Segment Start: Supplied data

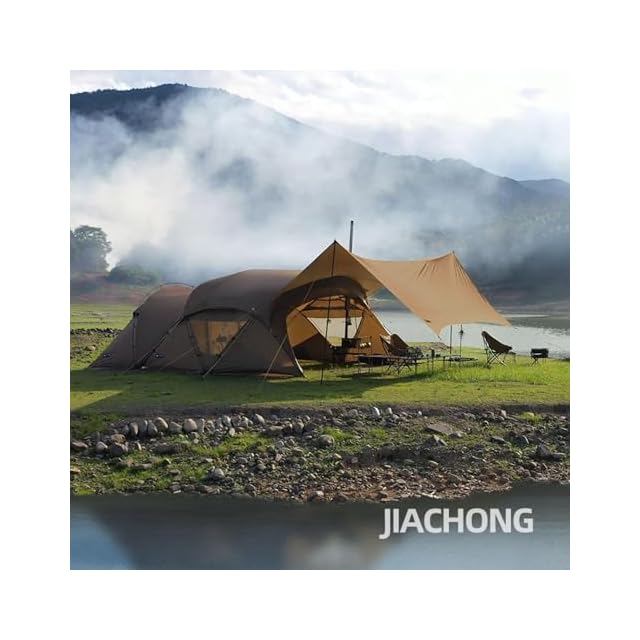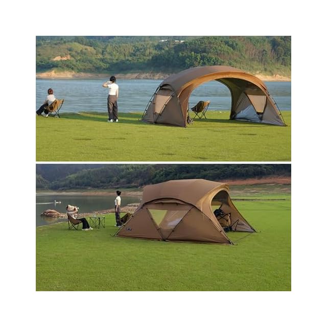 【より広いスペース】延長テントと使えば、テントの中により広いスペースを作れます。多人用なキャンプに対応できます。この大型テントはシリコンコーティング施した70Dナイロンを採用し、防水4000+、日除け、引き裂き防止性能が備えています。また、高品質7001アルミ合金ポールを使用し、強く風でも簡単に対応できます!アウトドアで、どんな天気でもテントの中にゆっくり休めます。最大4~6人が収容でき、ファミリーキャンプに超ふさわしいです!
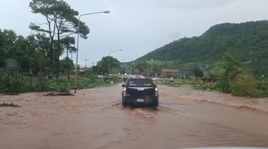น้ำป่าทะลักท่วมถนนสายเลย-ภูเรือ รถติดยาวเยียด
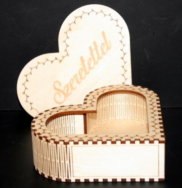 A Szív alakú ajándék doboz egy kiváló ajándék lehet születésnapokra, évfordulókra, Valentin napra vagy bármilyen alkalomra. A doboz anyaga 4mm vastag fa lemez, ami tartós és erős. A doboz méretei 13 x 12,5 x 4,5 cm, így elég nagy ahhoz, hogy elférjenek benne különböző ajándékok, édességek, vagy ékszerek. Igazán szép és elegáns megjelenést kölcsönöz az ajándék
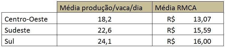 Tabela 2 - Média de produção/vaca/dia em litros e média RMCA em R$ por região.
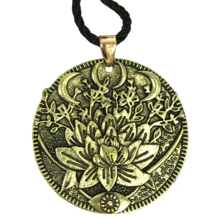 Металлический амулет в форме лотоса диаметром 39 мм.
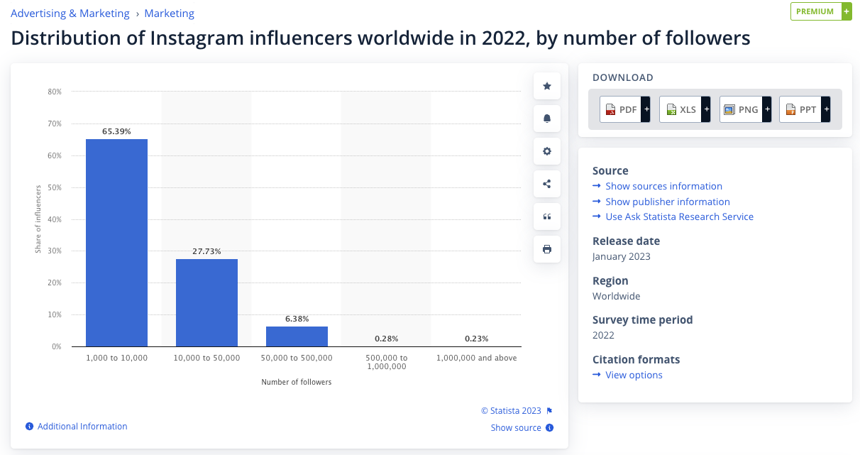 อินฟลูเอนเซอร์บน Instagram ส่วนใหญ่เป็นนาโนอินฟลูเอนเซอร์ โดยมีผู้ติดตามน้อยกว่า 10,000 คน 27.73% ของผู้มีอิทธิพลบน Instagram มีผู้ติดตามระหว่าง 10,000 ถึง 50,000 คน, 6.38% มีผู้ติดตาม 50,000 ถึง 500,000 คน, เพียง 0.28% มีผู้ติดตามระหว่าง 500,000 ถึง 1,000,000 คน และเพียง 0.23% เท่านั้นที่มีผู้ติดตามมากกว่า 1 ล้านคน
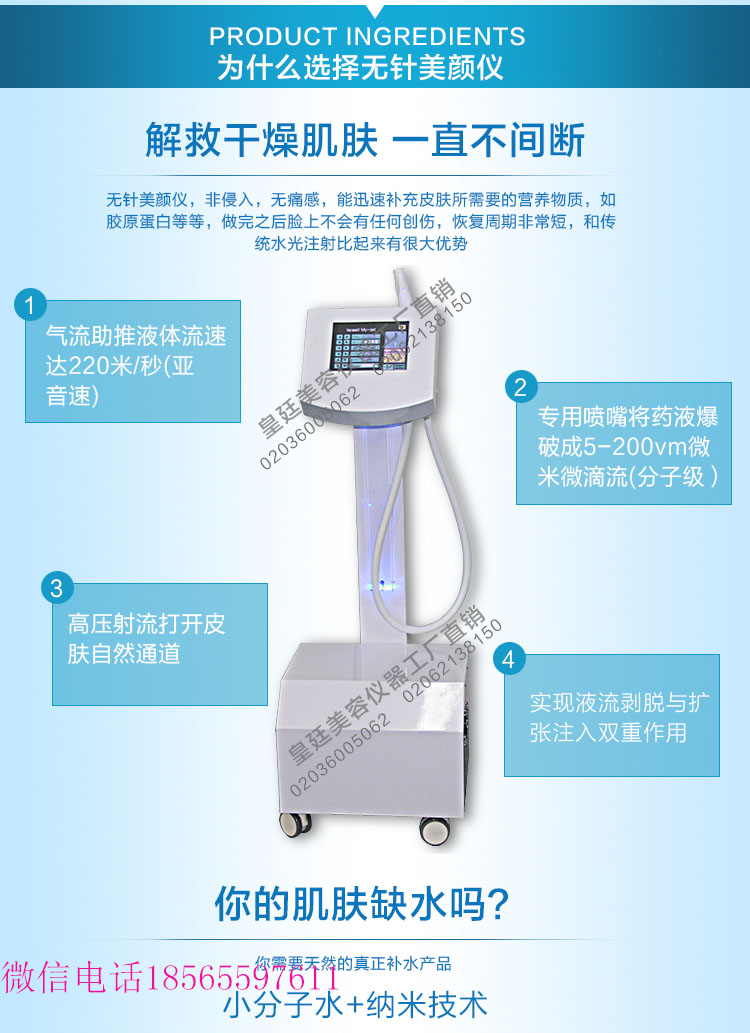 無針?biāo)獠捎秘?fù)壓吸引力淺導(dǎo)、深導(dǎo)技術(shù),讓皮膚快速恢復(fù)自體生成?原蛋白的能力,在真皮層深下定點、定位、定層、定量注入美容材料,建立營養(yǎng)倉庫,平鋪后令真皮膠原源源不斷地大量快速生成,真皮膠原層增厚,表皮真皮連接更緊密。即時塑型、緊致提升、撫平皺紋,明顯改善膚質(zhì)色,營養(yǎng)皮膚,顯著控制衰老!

Segment End: Supplied data

Given the listing above, retype only the span of lines from the line with "A Szív alakú" up to and including the line with "อินฟลูเอนเซอร์บน Instagram ส่วนใหญ่เป็นนาโนอินฟลูเอนเซอร์", exactly as it stands and without pictures.

Completed task —
 A Szív alakú ajándék doboz egy kiváló ajándék lehet születésnapokra, évfordulókra, Valentin napra vagy bármilyen alkalomra. A doboz anyaga 4mm vastag fa lemez, ami tartós és erős. A doboz méretei 13 x 12,5 x 4,5 cm, így elég nagy ahhoz, hogy elférjenek benne különböző ajándékok, édességek, vagy ékszerek. Igazán szép és elegáns megjelenést kölcsönöz az ajándék
 Tabela 2 - Média de produção/vaca/dia em litros e média RMCA em R$ por região.
 Металлический амулет в форме лотоса диаметром 39 мм.
 อินฟลูเอนเซอร์บน Instagram ส่วนใหญ่เป็นนาโนอินฟลูเอนเซอร์ โดยมีผู้ติดตามน้อยกว่า 10,000 คน 27.73% ของผู้มีอิทธิพลบน Instagram มีผู้ติดตามระหว่าง 10,000 ถึง 50,000 คน, 6.38% มีผู้ติดตาม 50,000 ถึง 500,000 คน, เพียง 0.28% มีผู้ติดตามระหว่าง 500,000 ถึง 1,000,000 คน และเพียง 0.23% เท่านั้นที่มีผู้ติดตามมากกว่า 1 ล้านคน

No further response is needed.